Set the data below down again, exactly, with every picture left out.
== Supplied data ==
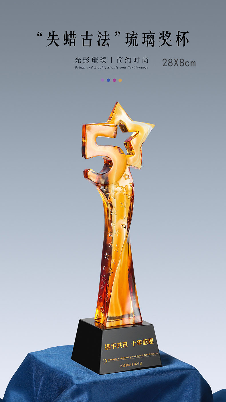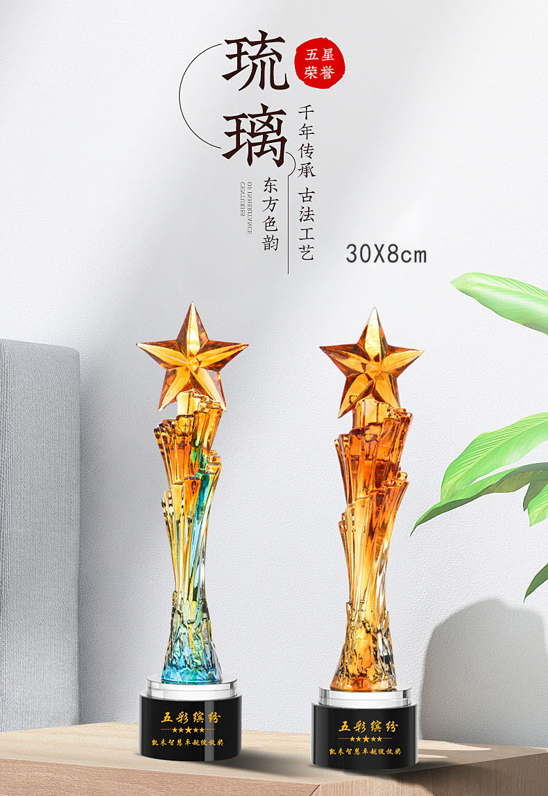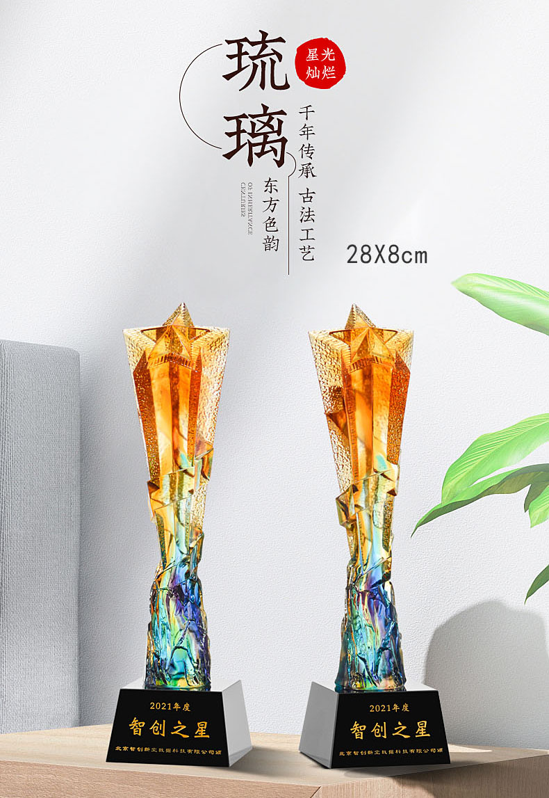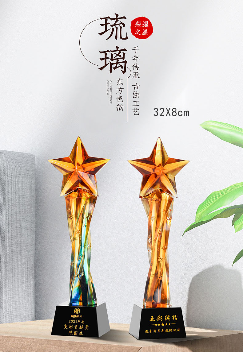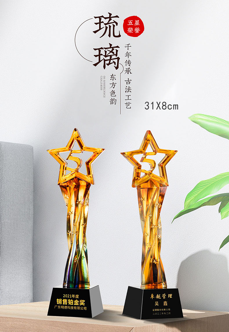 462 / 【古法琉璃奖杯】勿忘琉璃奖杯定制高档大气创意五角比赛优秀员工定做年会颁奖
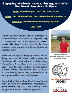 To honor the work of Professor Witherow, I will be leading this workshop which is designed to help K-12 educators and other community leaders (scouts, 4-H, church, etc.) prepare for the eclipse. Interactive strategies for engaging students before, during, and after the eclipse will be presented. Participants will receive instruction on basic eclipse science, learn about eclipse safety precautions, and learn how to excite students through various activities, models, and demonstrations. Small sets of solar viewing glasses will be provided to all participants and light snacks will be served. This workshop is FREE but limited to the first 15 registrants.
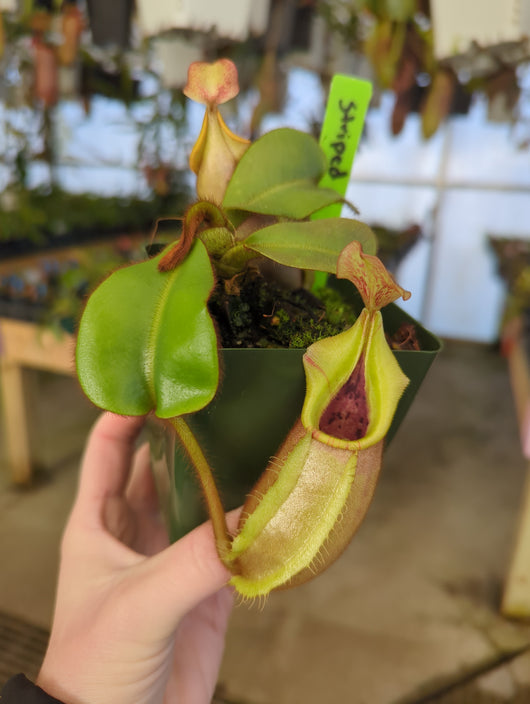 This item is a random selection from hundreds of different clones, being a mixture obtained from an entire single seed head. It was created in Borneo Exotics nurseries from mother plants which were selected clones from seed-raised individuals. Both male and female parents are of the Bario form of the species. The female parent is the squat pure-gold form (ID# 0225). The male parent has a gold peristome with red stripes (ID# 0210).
===
▶ _Completed task_
 462 / 【古法琉璃奖杯】勿忘琉璃奖杯定制高档大气创意五角比赛优秀员工定做年会颁奖
 To honor the work of Professor Witherow, I will be leading this workshop which is designed to help K-12 educators and other community leaders (scouts, 4-H, church, etc.) prepare for the eclipse. Interactive strategies for engaging students before, during, and after the eclipse will be presented. Participants will receive instruction on basic eclipse science, learn about eclipse safety precautions, and learn how to excite students through various activities, models, and demonstrations. Small sets of solar viewing glasses will be provided to all participants and light snacks will be served. This workshop is FREE but limited to the first 15 registrants.
 This item is a random selection from hundreds of different clones, being a mixture obtained from an entire single seed head. It was created in Borneo Exotics nurseries from mother plants which were selected clones from seed-raised individuals. Both male and female parents are of the Bario form of the species. The female parent is the squat pure-gold form (ID# 0225). The male parent has a gold peristome with red stripes (ID# 0210).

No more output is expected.